Рядом со мной валялись еще несколько солдат. Многие были ранены, они стонали, матерились, просили воды.

Сцену освещали две керосиновые лампы, стоящие в топорно вырубленных в глиняных стенах нишах. Лампы коптили, воняли. Мне казалось, что по пещере летают летучие мыши.
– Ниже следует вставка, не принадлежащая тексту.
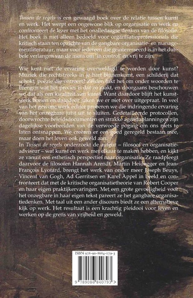 In 'Tussen de regels' onderzoekt de auteur - filosoof en organisatieadviseur - wat kunst en werk met elkaar te maken hebben, en kijkt ze vanuit een esthetisch perspectief naar organisatie. Ze raadpleegt daarvoor de filosofen Hannah Arendt, Martin Heidegger en Jean-François Lyotard, brengt het werk van onder meer Joseph Beuys, Vincent van Gogh, Ad Gerritsen en Karel Appel in beeld en confronteert dat met de kritische organisatietheorie van Robert Cooper en haar eigen praktijkervaringen.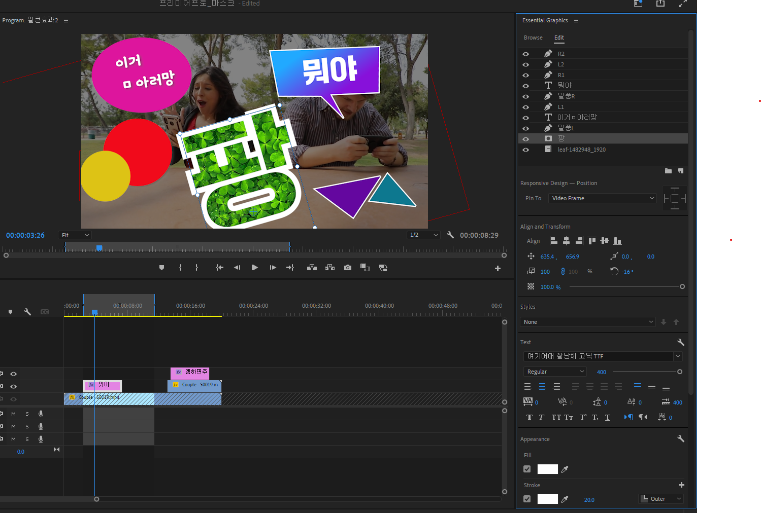 6. Mask Opacity를 값을 0에서 100으로 변화를 주는 키프레임 애니메이션을 10프레임 내에서 표현하면 대화하는 장면을 1개의 이센셜그래픽에서 표현 할 수 있다.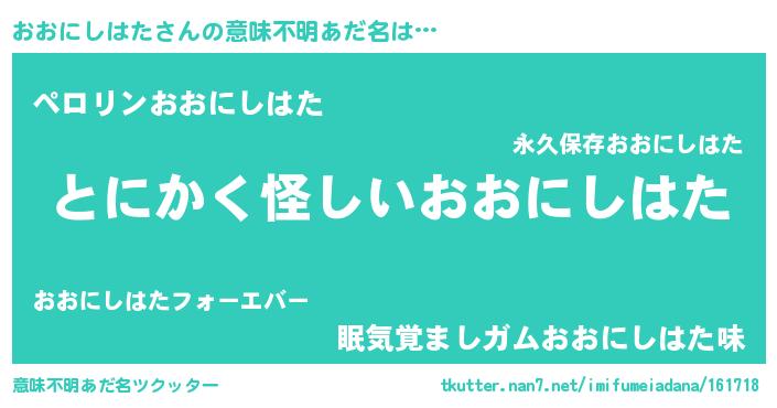 | 男性向けラノベタイトル風あだ名 | 『おおにしはたの嫁は女の子じゃないと思った?』 |
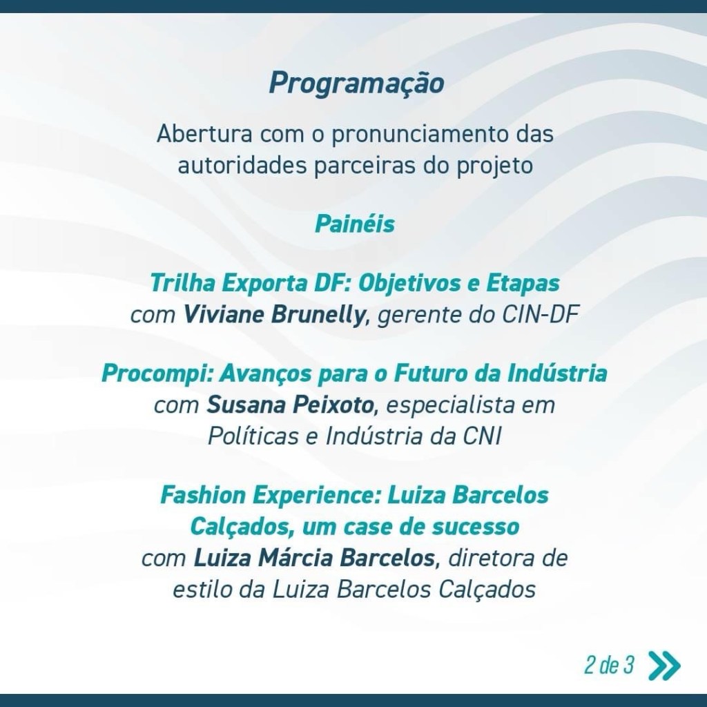 Serão apresentados dois painéis. O primeiro vai detalhar a trilha do Exporta DF e o segundo será sobre o Programa de Apoio à Competitividade das Micros e Pequenas Indústrias (Procompi), iniciativa da CNI e do Sebrae focada na promoção da inovação e no aumento da produtividade de micro e pequenas empresas do setor industrial.

Издалека доносились крики и взвизги.

«Там у них пыточная, – негромко сказал здоровенный блондинистый солдат, лежащий рядом со мной. Показал головой направление».

Я спросил его: «Где мы?»

«А кто знает. Меня так избили после боя, что я чуть ни целые сутки провалялся без сознания. Везли куда-то нас духи долго. В тыл, полагаю, через перевал, подальше от наших. Теперь будут кишки тянуть…»

«В какой мы стране?»

«Ну ты даешь, чувак. По голове тебя не били? В Афгане мы».

«Год какой сейчас?»

«Слышь, пацаны, он и год не знает. Оторвался по полной. Тебе ничего не вкалывали? Говорят, у духов лекарство есть специальное, американское, человека в зомбака превращает. Зомбаки эти у душманов вроде рабов. Восемьдесят второй год».


Что за вздор? Я никогда в Афганистане не был. Войну эту не поддерживал. Осуждал даже.

Внутренний голос прошептал мстительно: «Не был, не поддерживал, осуждал, но никогда, никогда и нигде ничего не сделал, чтобы остановить эту бойню. Даже вслух ничего не сказал. Все десять лет молчал. Трясся».

– Молчал, как все молчали.

– Все нас не касаются, но ты, ты… никогда и ничего. Даже шёпотом не протестовал, не то, что там… на Красной площади. Даже дома об этом говорить боялся.

– Да, нас так запугали.

– Запугали… Запугали, потому что вы разрешили себя запугать. И от молчания вашего вы даже особый кайф славливали. Радость от собственной гнусности получали. Вроде как купались в чужой крови.


К нам подошли несколько моджахедов с большими черными бородами. В темных халатах и характерных шапочках. В их глазах я прочитал смертный приговор всем нам, неверным собакам. Сердце у меня ушло в пятки. И не зря.

Ни слова не говоря, они распороли животы одному за другим всем связанным советским солдатам своими кривыми ножами, а затем отрезали головы.

Когда мне резали живот, я кричал что было сил. Мой блондинистый сосед не издал ни звука.

Когда мне отрезали голову – кричать я уже не мог.


Тут я прервал моего собеседника. Не было сил дальше слушать. Поблагодарил и ушел.

Доктору переводить его рассказ не стал. Не хотел его мучить карельской березой, льняными волосами и кривыми ножами. Сказал только: «Похоже, вашего пациента попросту замучила совесть. Редкое явление в наше время».

Молодой врач поднял и опустил свои узкие брови, укоризненно покачал головой и пожал плечами. Ему тоже было все равно.

Пациента из палаты 207 выписали недели на две позже, чем меня.